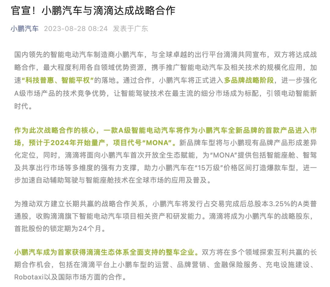 小鹏汽车发布公告官宣与滴滴合作造车
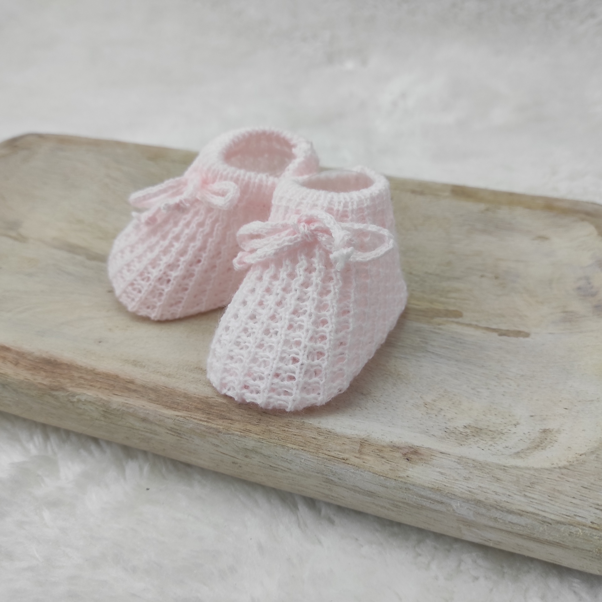 • Sapatinhos de bebé rosa claro em malha com laços na bandeja de madeira
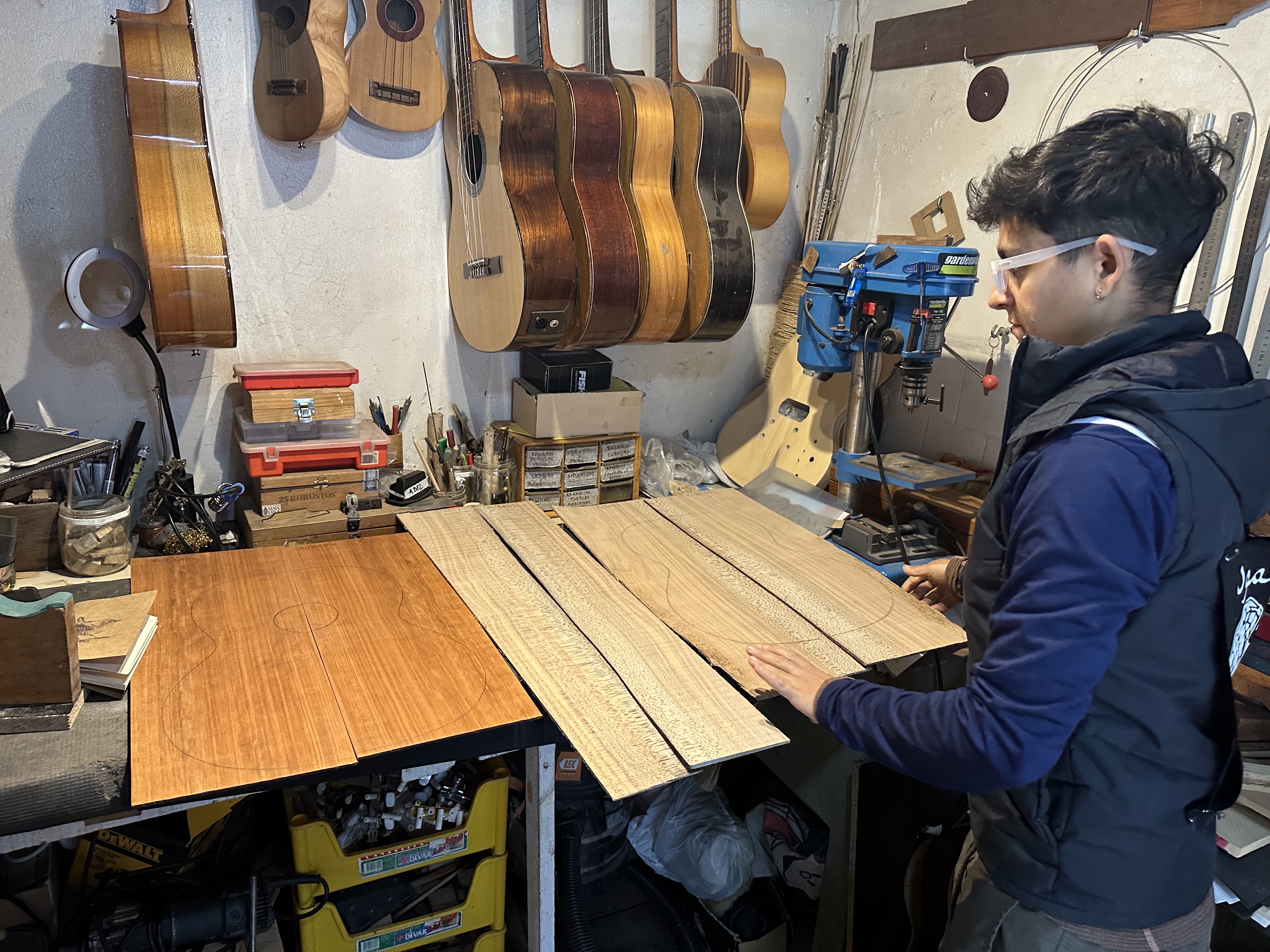 Figure 2: Wayun Luthier from Buenos Aires selecting alerce and radal wood for building a Guitarra Patagonica. Photo by author, August 2025.

========

• The task:
Repeat the data above in full and exactly. Omit every image.

• Exercise output:
 小鹏汽车发布公告官宣与滴滴合作造车
 • Sapatinhos de bebé rosa claro em malha com laços na bandeja de madeira
 Figure 2: Wayun Luthier from Buenos Aires selecting alerce and radal wood for building a Guitarra Patagonica. Photo by author, August 2025.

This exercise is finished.